Please copy the lines below, exactly as they are, from the one with "校党委书记滕建勇在讲话中指出" through the one with "enviado toda la…", and leave out the pictures.
---- Data for review
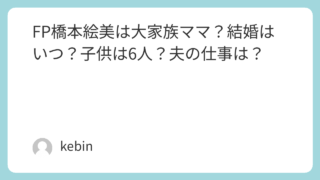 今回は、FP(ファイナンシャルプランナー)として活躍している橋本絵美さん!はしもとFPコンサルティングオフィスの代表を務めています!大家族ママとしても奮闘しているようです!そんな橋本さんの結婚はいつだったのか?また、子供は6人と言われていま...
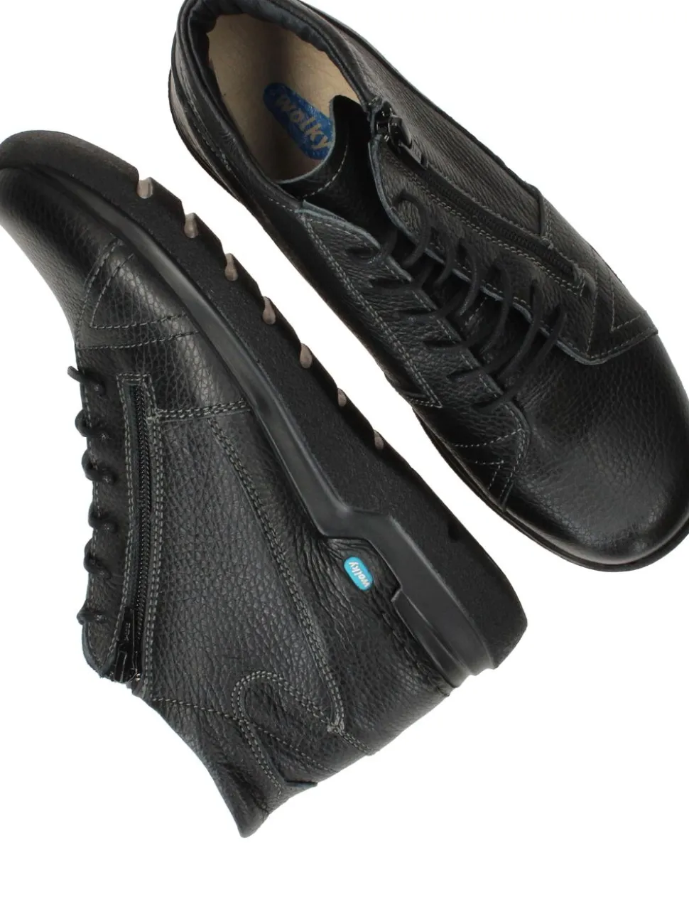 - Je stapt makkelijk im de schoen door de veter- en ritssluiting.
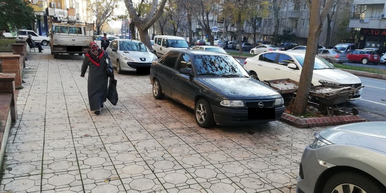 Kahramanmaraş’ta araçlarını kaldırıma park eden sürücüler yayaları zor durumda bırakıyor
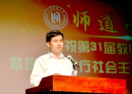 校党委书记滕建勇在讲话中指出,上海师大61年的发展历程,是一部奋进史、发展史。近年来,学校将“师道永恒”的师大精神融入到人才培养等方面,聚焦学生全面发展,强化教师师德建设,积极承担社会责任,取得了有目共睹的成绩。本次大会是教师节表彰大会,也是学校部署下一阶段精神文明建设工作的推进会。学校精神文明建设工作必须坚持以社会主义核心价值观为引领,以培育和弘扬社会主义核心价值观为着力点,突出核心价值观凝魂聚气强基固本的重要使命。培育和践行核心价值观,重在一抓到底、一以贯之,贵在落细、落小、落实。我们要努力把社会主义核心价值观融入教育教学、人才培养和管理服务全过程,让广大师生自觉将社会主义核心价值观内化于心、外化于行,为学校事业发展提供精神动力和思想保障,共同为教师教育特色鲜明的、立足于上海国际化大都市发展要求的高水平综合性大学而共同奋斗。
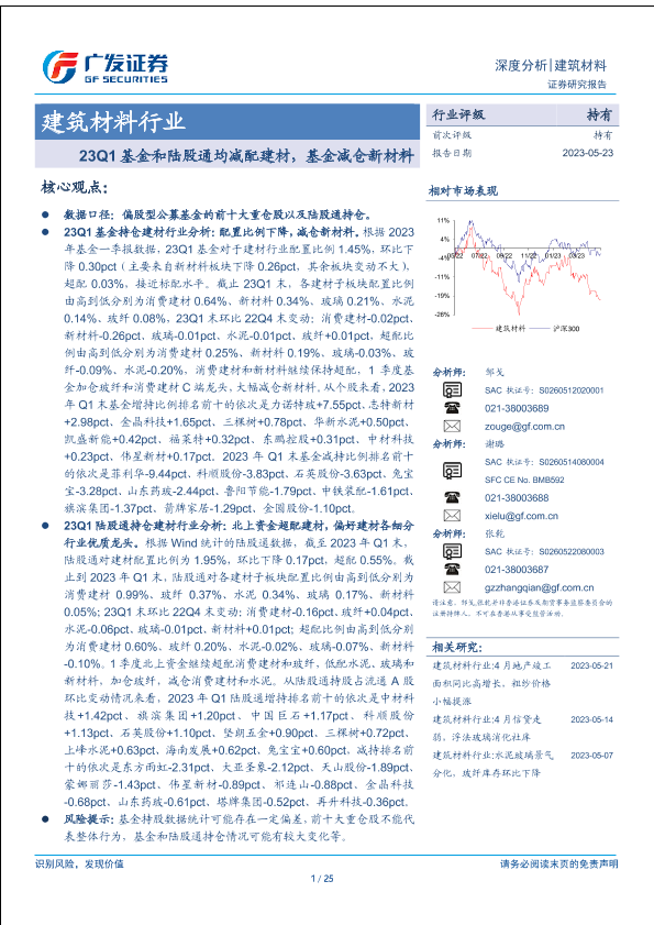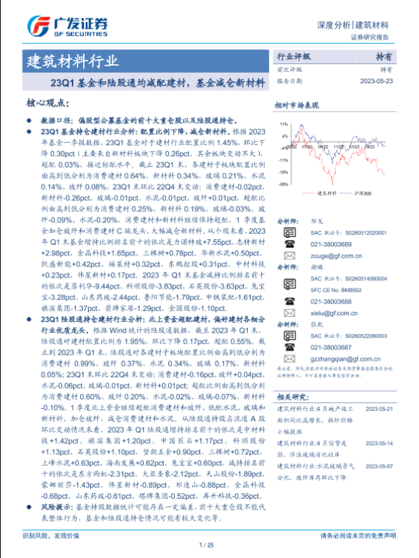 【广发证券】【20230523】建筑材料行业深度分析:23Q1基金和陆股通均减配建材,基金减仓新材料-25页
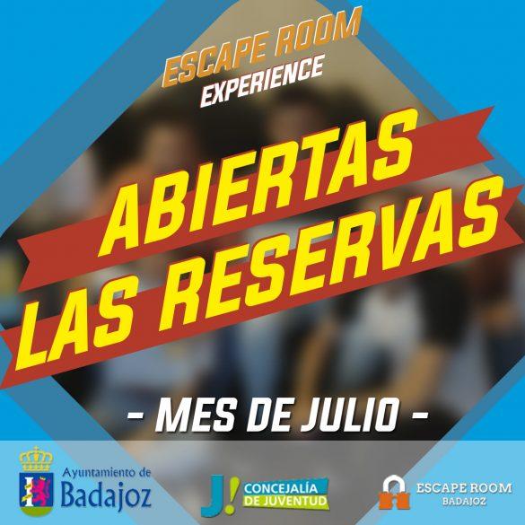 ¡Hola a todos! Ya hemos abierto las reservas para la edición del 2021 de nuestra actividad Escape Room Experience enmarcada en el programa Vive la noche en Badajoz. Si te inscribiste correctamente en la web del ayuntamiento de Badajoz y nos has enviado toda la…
--------
---- Data for review
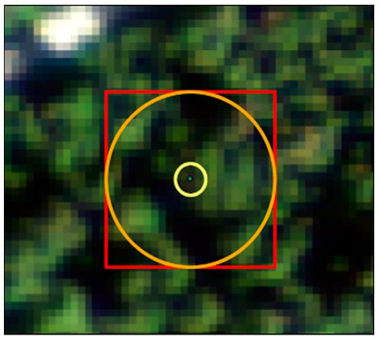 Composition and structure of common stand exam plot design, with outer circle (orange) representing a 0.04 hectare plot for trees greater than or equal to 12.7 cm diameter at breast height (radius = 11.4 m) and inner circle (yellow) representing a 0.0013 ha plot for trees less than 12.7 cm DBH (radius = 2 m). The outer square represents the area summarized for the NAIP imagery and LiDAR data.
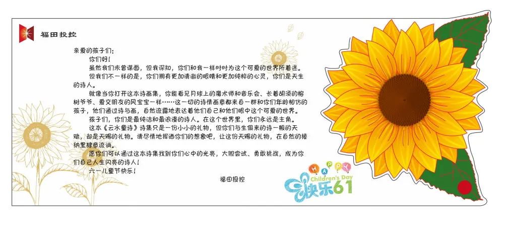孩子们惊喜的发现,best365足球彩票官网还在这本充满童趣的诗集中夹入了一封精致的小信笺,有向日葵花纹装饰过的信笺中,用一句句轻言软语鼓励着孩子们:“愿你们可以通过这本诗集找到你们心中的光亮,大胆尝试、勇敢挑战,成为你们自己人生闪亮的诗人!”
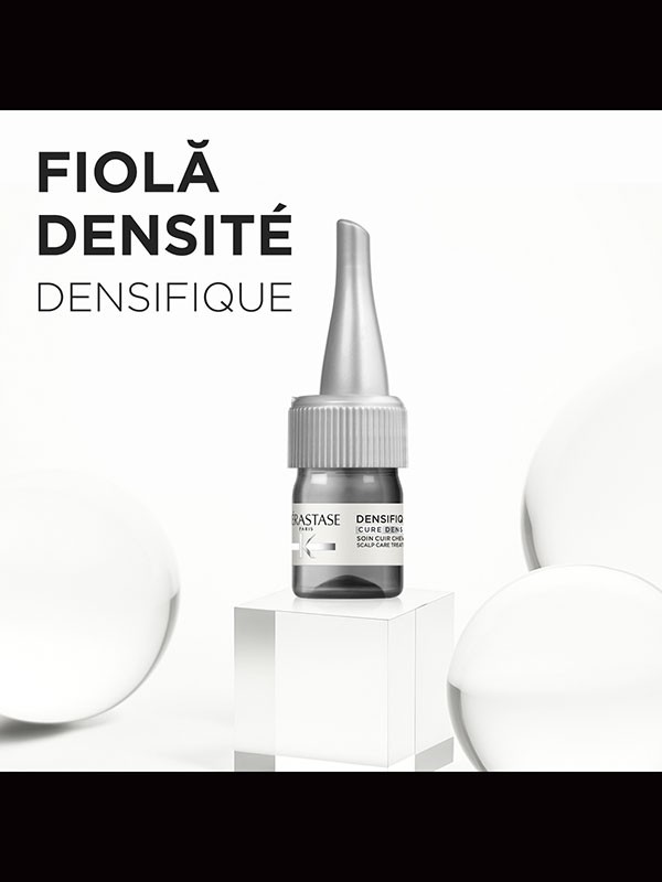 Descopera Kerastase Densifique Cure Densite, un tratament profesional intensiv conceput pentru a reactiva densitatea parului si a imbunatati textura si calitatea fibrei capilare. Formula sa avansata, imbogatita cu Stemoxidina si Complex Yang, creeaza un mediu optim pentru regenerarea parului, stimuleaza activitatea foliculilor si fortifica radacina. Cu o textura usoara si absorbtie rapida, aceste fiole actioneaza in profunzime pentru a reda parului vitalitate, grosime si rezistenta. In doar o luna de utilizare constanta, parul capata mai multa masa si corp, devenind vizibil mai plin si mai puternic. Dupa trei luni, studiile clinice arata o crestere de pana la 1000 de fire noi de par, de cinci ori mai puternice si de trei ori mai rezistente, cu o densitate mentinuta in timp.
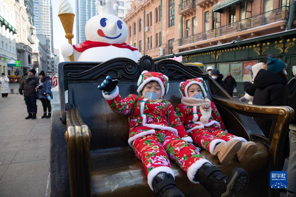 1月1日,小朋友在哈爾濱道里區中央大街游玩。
--------
▶ [Task result]:
 校党委书记滕建勇在讲话中指出,上海师大61年的发展历程,是一部奋进史、发展史。近年来,学校将“师道永恒”的师大精神融入到人才培养等方面,聚焦学生全面发展,强化教师师德建设,积极承担社会责任,取得了有目共睹的成绩。本次大会是教师节表彰大会,也是学校部署下一阶段精神文明建设工作的推进会。学校精神文明建设工作必须坚持以社会主义核心价值观为引领,以培育和弘扬社会主义核心价值观为着力点,突出核心价值观凝魂聚气强基固本的重要使命。培育和践行核心价值观,重在一抓到底、一以贯之,贵在落细、落小、落实。我们要努力把社会主义核心价值观融入教育教学、人才培养和管理服务全过程,让广大师生自觉将社会主义核心价值观内化于心、外化于行,为学校事业发展提供精神动力和思想保障,共同为教师教育特色鲜明的、立足于上海国际化大都市发展要求的高水平综合性大学而共同奋斗。
 【广发证券】【20230523】建筑材料行业深度分析:23Q1基金和陆股通均减配建材,基金减仓新材料-25页
 ¡Hola a todos! Ya hemos abierto las reservas para la edición del 2021 de nuestra actividad Escape Room Experience enmarcada en el programa Vive la noche en Badajoz. Si te inscribiste correctamente en la web del ayuntamiento de Badajoz y nos has enviado toda la…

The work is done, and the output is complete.